Une clarté qui n’est ni le jour ni la nuit éclaire un paysage gris; les toits sur lesquels la neige fond peu à peu s’égouttent avec un bruit mélancolique énervant; partout des nuages très bas s’accrochent aux flancs des montagnes.

Remplis d’un ardent optimisme, nous nous détournons d’un Est menaçant pour contempler à l’ Ouest — vue réconfortante — un ilot de ciel bleu. Mais il semble bien que le temps soit définitivement dans un état d’équilibre instable.

Est-il prudent de partir?

Le temps peut se relever et puis, s’il se met a pleuvoir, nous pourrons toujours revenir sur nos pas, la course ne présentant aucune difficulté. Partons donc, quitte à faire demi-tour à la première averse.
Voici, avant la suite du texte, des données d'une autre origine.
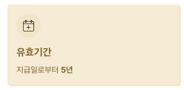 즉, 환급받은 날짜 기준으로 딱 5년 동안만 사용할 수 있고, 이후에는 자동으로 소멸됩니다.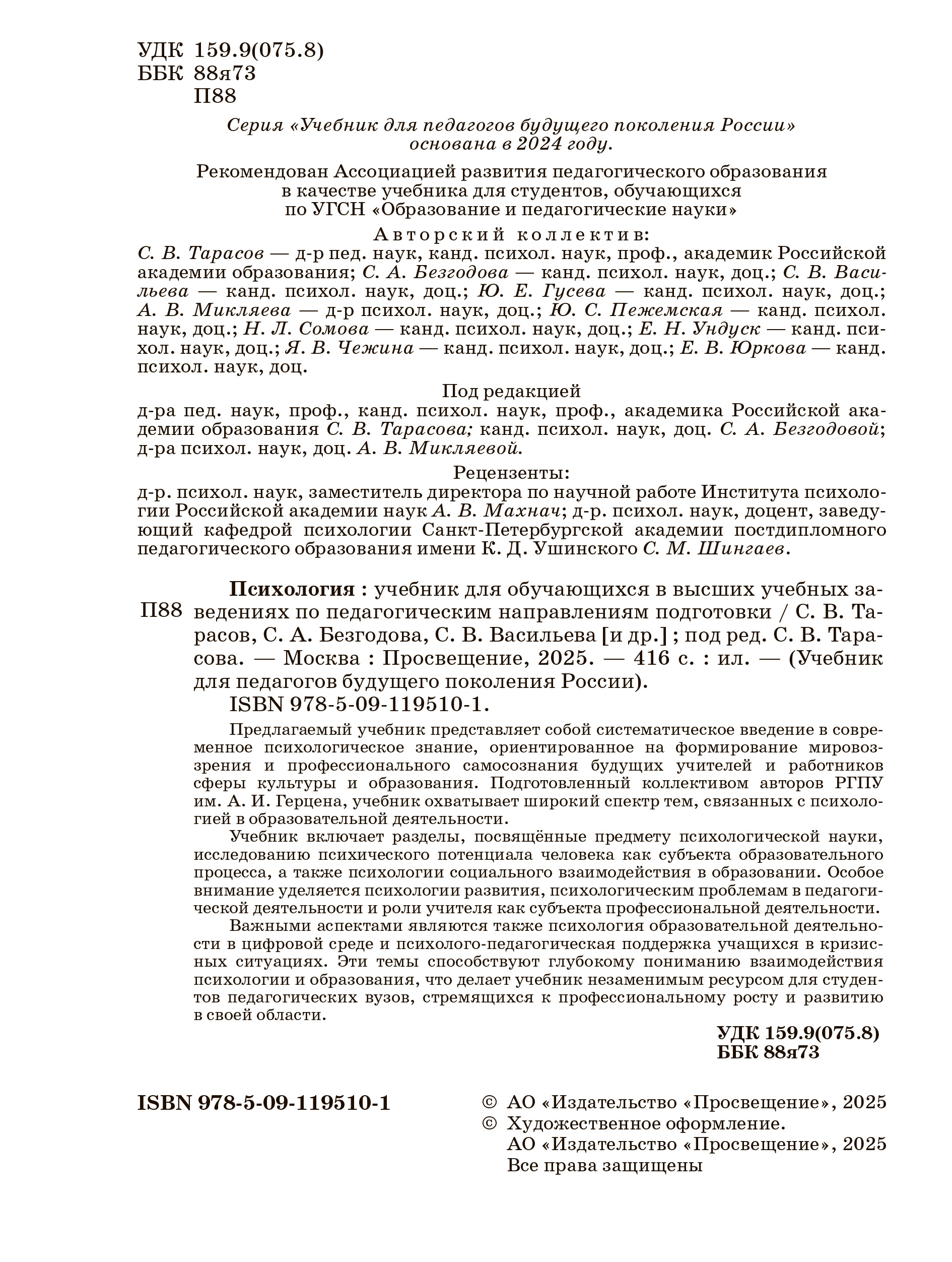 Учебник подготовлен для студентов, обучающихся по педагогическим специальностям, и содержательно соответствует программам дисциплин «Ядра педагогического образования». Первые четыре раздела (Введение в психологию; Психический потенциал человека как субъекта образовательной деятельности; Психология социального взаимодействия в образовании; Психология развития человека в образовании) традиционны для психологической подготовки учителя и являются теоретико-прикладными. Остальные разделы связаны с профессиональным становлением самого педагога, его умением реагировать на изменения в системе образования, формированием приемов работы в различных ситуациях, к примеру: ведения педагогической деятельности в условиях интеграции и инклюзии, цифровизации, обучения одаренных детей, проведения профилактики девиантного поведения.

C’est avec ce raisonnement faux qu’encouragés par l’apparition de quelques lambeaux de ciel, nous avons pu, grâce à des trésors d’entrain et de bonne humeur, atteindre le but que nous nous étions proposé.

A mi-chemin entre Combe-Brémond et Paroir nous chaussons nos skis.

A Paroir, quittant le tracé tortueux du sentier, nous descendons dans la plaine qui fut un lac et la traversons.

Au Ga, pour éviter une gorge étroite et profonde, passage pouvant causer des ennuis, nous montons directement au-dessus des cabanes, puis nous coupons sur la gauche et, par une courte descente, reprenons aux Blavettes l’itinéraire habituel.

Là, nous déjeunons.

Quelques flocons de neige se mettent à tomber. Nous craignons un instant ne pouvoir aller plus loin.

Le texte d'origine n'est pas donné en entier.